– Мастер Вахт! Наш добрый мастер Вахт!
С ясным лицом, на котором следы пережитой кручины оставили лишь трогательное выражение доброты, вошел он в толпу своих верных работников и поведал им, как благое провидение ниспослало ему благодать и утешение и как он, с окрепшим телом и бодрым духом, будет отныне выполнять свое призвание. Потом он прошел прямо в запасный сарай, возведенный среди двора, где хранились инструменты и приспособления его ремесла, материалы для чертежей и прочие подобные предметы.
Энгельбрехт, подмастерья, ученики потянулись вслед за ним вереницей. Когда же он вошел, то остановился как вкопанный.
На пожарище сгоревшего дома был отыскан топор бедного Иоганна, отмеченный очень определенными знаками и с полуобгоревшей рукояткой. Товарищи покойного прикрепили этот топор к стене против входной двери на значительной высоте, а вокруг него намалевали, как умели, венок из роз и кипарисовых веток. Под венком было выведено имя покойного, год его рождения, равно как злополучное число и час трагической смерти любимого товарища.
– Бедный мой Ганс, – воскликнул мастер Вахт, увидев этот трогательный памятник верных друзей, и из глаз его брызнули слезы, – бедный Ганс, в последний раз поднимал ты этот топор ради помощи ближним, а теперь ты покоишься в могиле и никогда больше не будешь рядом со мною бодро трудиться на общую пользу!
Сказав это, мастер Вахт обошел весь ряд присутствующих, сердечно пожал руку каждого из подмастерьев, каждого ученика и сказал:
– Вспоминайте его!
Вся артель снова пошла на работу, один Энгельбрехт остался с Вахтой.
– Посмотри, старый друг, – сказал Вахт, – какой дивный путь избрало милосердие божие, чтобы помочь мне перенести великое страдание. В те дни, когда тоска по жене и сыне, погибшем столь ужасным образом, грозила сокрушить меня, дух внушил мне мысль построить чрезвычайно искусный составной висячий мост, который я давно обдумывал, но который до сих пор не давался мне в руки… Вот взгляни!
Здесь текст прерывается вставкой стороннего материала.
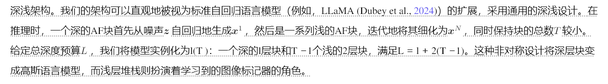 3.1 中的推导促使我们重新设计在实际计算预算内的可扩展 AF 架构,强调我们不需要大幅扩展流块的数量——实际上(即使 T = 2 通常也足够了)。然而,该评论并未解决如何最好地在这些块之间分配计算资源的问题。我们首先检查 TARFlow 中提出的架构配置,该配置建议为每个流分配相同大小的 Transformer 层。有趣的是,在我们复现的 TARFlow 结果中,我们发现最有效的计算(通过指导的视角衡量)集中在最上面的几个 AF 块中(参见示例图 3)。我们推测端到端训练驱动网络去利用 lay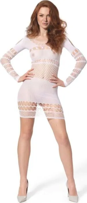 Αναδείξτε τη θηλυκότητά σας με το bodystocking BS 105. Ιδανικό για γυναίκες που εκτιμούν τον συνδυασμό κομψότητας και παιχνιδιάρικου στυλ.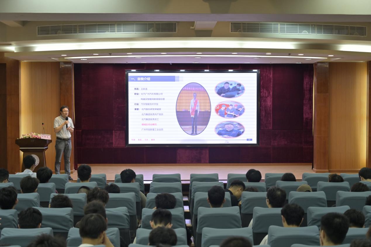 為貫徹落實黨的二十大精神,我校開展了以“技能:讓生活更美好”為主題的職業(yè)教育周暨勞動教育月活動,大力宣傳勞模精神、勞動精神、工匠精神,弘揚勞動光榮、技能寶貴、創(chuàng)造偉大的時代風尚,不斷推進職業(yè)教育高質(zhì)量發(fā)展。電力與智能制造學院于5月30日在圖書館1號報告廳舉辦“弘揚勞模精神、發(fā)展新質(zhì)生產(chǎn)力、讓生活更美好”專家講座,電力與智能制造學院汽車系學生和專業(yè)教師參加該講座。本次講座邀請了增城區(qū)勞動模范、北汽股份研發(fā)突破獎獲得者、北汽廣州汽車有限公司電器及智能網(wǎng)聯(lián)高級經(jīng)理王新龍。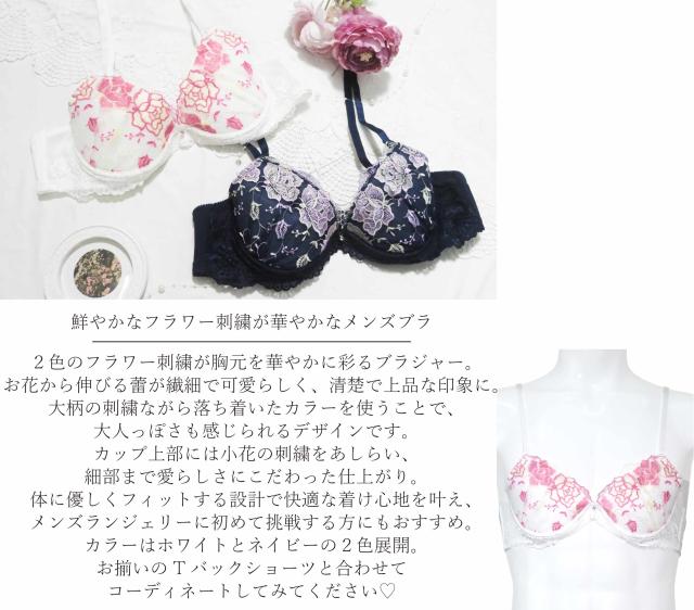 メンズブラ A85-A105 フラワー レース メンズ体型用 パッド入り (JM-6073-B)[メール便不可]【 男ブラ 男性用ブラ 大きいサイズ 下着 ブラ トランスジェンダー 女装 コスプレ 乙女男子 かわいい】

И мастер Вахт развернул перед ним чертеж, над которым трудился в предыдущие дни, и Энгельбрехт изумился смелости и оригинальности замысла, а также чистоте и тщательности оконченной работы. Так искусно, так остроумно был задуман весь механизм постройки, что Энгельбрехт, хоть и сам был опытный мастер, не сразу разобрался в нем; зато когда мастер Вахт разъяснил ему значение каждой мельчайшей подробности, Энгельбрехт пришел в восторг от точности вычислений и понял, что при выполнении этих чертежей никакой ошибки не окажется.
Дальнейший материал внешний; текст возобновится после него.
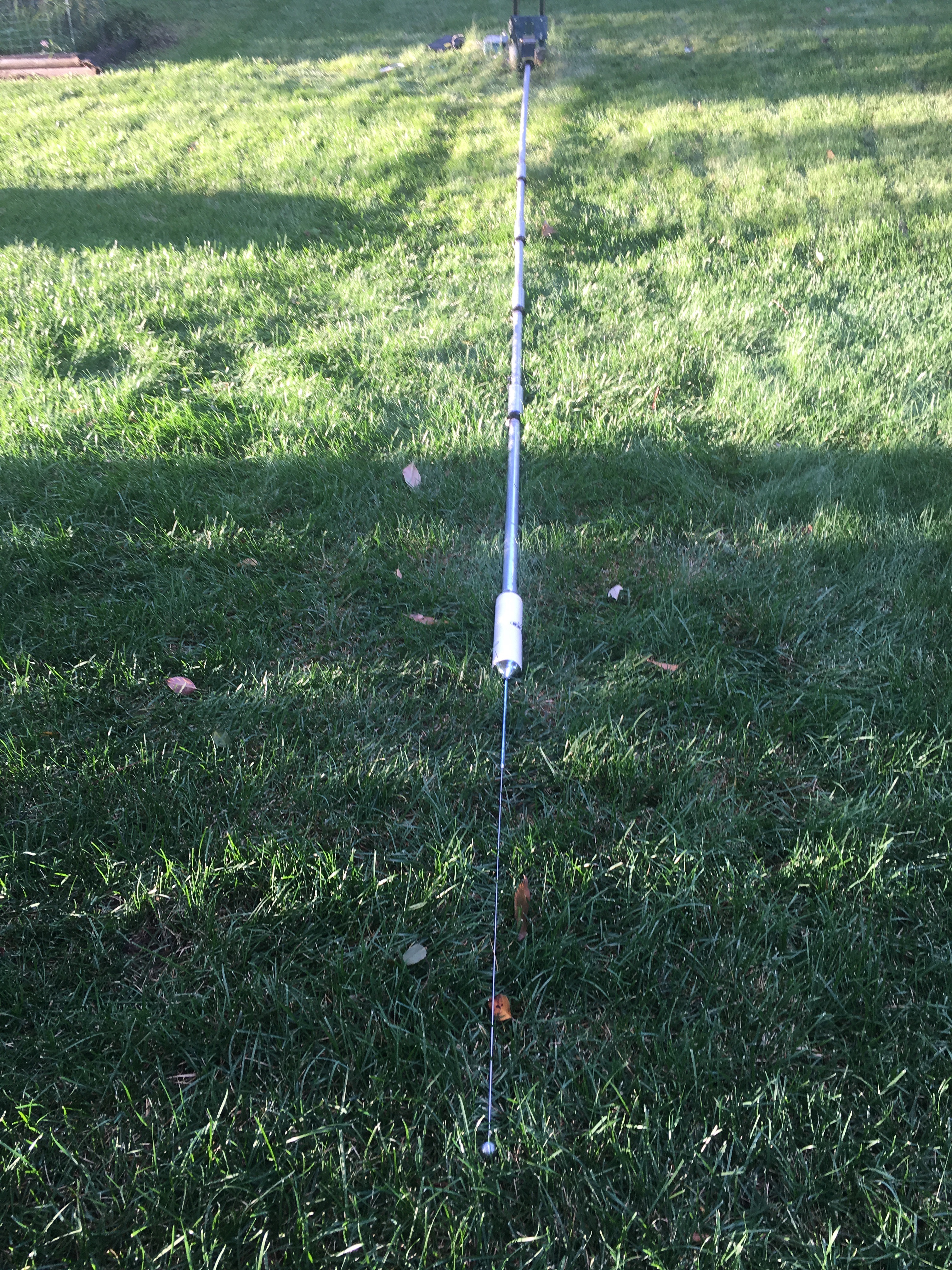 Looking back toward the base mount. The top hinges down to the ground for adjustment and maintenance. It lies in the neighbor's yard when it's down. Fortunately, I have a nice neighbor who also lets me use his trees for securing wire antenna ropes. The white tube is the 80 meter resonator.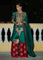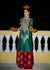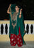 A regal green and red ensemble including a beautiful raw silk shirt embroidered and embellished with pita work detailing on neckline. The neckline is also adorned with gold sequins and naqshi with gold and pink buggle beads and colorful block printed puff sleeves. It is paired with heavily embroidered and embellished red shalwar. It is paired with green organza dupatta with block printed four sided border.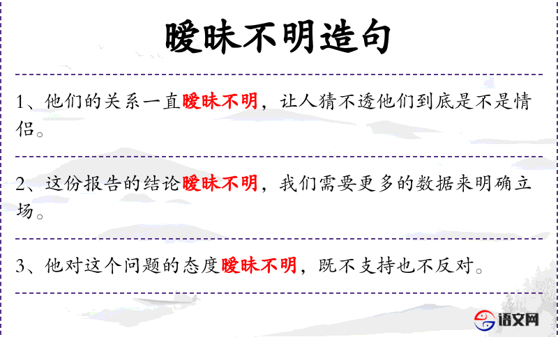 1. 【暧昧不明】 - 暧昧:含糊,不清楚。指不清不楚,不明不白。形容态度不明朗,关系不鲜明。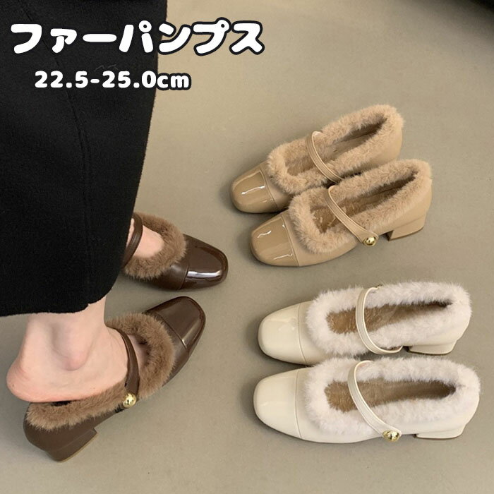 ファーパンプス レディース ローファーシューズ 裏起毛 裏ボア フェイクファー 太めヒール 保温 防・・・

Вся семья Вахта состояла теперь из двух дочерей, но вскоре его семейному кружку суждено было увеличиться.
Как ни был мастер Энгельбрехт трудолюбив и искусен, ему во всю жизнь не удалось достигнуть хотя бы низшей степени того благосостояния, какое далось Вахту чуть не сразу, увенчивая успехом всякое его предприятие. Энгельбрехту пришлось бороться со злейшим из врагов всякой жизни, против которого никакие человеческие силы не могут устоять: этот враг – телесная хворость – долго грозил его сломить и наконец сломил. Он умер, оставив жену и двух сыновей почти в бедности; вдова его отправилась к себе на родину, а мастер Вахт охотно принял бы на воспитание обоих мальчиков, но взять в дом пришлось только старшего, по имени Себастьян. Этот смышленый парень крепкого телосложения имел наклонность к отцовскому ремеслу, и из него обещал выйти хороший плотник. Он отличался некоторой строптивостью характера, иногда граничащей со злобой, а также значительной долей грубости, доходившей по временам до буйства; но мастер Вахт надеялся победить эти свойства разумным воспитанием. Младший брат, по имени Ионатан, был полною противоположностью старшего: это был миниатюрный, прелестный, хрупкого сложения мальчик, в голубых глазах которого сияли кротость и сердечная доброта. Этого мальчика, еще при жизни отца, взял на воспитание почтенный доктор прав, первый и старейший в городе адвокат, Теофиль Эйхгеймер. Подметив в ребенке задатки проницательного ума и положительную склонность к наукам, этот достойный человек решился сделать из него ученого юриста.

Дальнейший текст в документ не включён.